Analysis: This Congress is least productive since 1947
Just 61 bills have become law to date in 2012 out of 3,914 bills that have been introduced by lawmakers, or less than 2 percent of all proposed laws, according to a USA Today analysis of records since 1947 kept by the House Clerk’s office.
In 2011, after Republicans took control of the House, Congress passed just 90 bills into law. The only other year in which Congress failed to pass at least 125 laws was 1995.
These statistics make the 112th Congress, covering 2011-12, the least productive two-year gathering on Capitol Hill since the end of World War II. Not even the 80th Congress, which President Truman called the “do-nothing Congress” in 1948, passed as few laws as the current one.
Doug Heye, spokesman for House Majority Leader Eric Cantor, R-Va., defended the chamber, citing over 30 economic measures the House has passed that have fizzled in the Democratic-run Senate.
Senator urges presidential action on cybersecurity
A top Democratic senator is calling on the president to use executive branch authorities to better secure the electric grid and other critical systems against cyber attacks.
In an Aug. 13 letter to President Obama, Sen. Jay Rockefeller of West Virginia urged the president to “explore and employ every lever of executive power that you possess to protect this country from the cyber threat.”
Rockefeller co-sponsored the Cybersecurity Act, S 3414, which failed passage in the Senate this month. The bill would have set voluntary standards for companies operating critical infrastructure, such as the electric grid, water treatment facilities and transportation systems.
Rockefeller said many portions of the bill, including the voluntary program, could be implemented via executive order, regulation or Homeland Security Act authorities.

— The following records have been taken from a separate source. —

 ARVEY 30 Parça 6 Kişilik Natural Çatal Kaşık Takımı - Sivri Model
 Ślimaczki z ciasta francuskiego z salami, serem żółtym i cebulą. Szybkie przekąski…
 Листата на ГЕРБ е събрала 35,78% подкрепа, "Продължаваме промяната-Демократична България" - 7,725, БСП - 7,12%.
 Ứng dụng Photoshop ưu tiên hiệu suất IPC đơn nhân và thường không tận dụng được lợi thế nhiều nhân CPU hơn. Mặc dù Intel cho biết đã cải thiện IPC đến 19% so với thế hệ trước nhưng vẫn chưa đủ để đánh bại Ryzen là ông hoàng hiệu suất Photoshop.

This month, John Brennan, Obama’s assistant for homeland security and counterterrorism, said the administration is considering using executive branch authority to counter the threats.

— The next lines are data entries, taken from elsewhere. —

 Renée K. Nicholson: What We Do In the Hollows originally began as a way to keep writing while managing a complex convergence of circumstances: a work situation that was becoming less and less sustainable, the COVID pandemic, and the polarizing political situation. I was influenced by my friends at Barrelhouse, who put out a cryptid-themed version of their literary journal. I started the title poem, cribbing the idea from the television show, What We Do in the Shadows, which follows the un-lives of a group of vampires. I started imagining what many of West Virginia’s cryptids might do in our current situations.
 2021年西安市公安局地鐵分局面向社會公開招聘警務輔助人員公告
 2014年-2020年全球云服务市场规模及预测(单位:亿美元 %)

IG cites security weaknesses at DFAS
The Defense Finance and Accounting Service risks unauthorized access to online and paper payroll data at two of its four Indianapolis civilian pay operations, according to a new audit by the Defense Department’s inspector general.
DFAS failed to equip those offices with cipher locks, which are opened with programmable keypads, the IG said. The audit, released last week, marked the third time since 2008 that the IG has flagged DFAS for failing to meet Defense Department security requirements.
DFAS is now working with the General Services Administration, which owns the Indianapolis building housing the payroll operations, to provide lockable space in all areas by the end of September, the audit said.
Forbes spotlights Navy’s business sense
Business execs could stand to learn from the Navy, especially when it comes to passing along institutional memory, according to a report by Forbes.
One thing the Navy is good at, according to the report, is making sure knowledge isn’t lost when someone leaves the service. That creates multiple generations worth of knowledge to inform a new sailor’s actions.
The Forbes piece — written by Craig Malloy, CEO of software company Bloomfire and a former Navy officer — highlights five Navy best practices: detailed lessons-learned reviews, qualification boards that require certain knowledge before earning a promotion, constant learning via short assignments, up-to-date training and practicing skills until they’re second nature.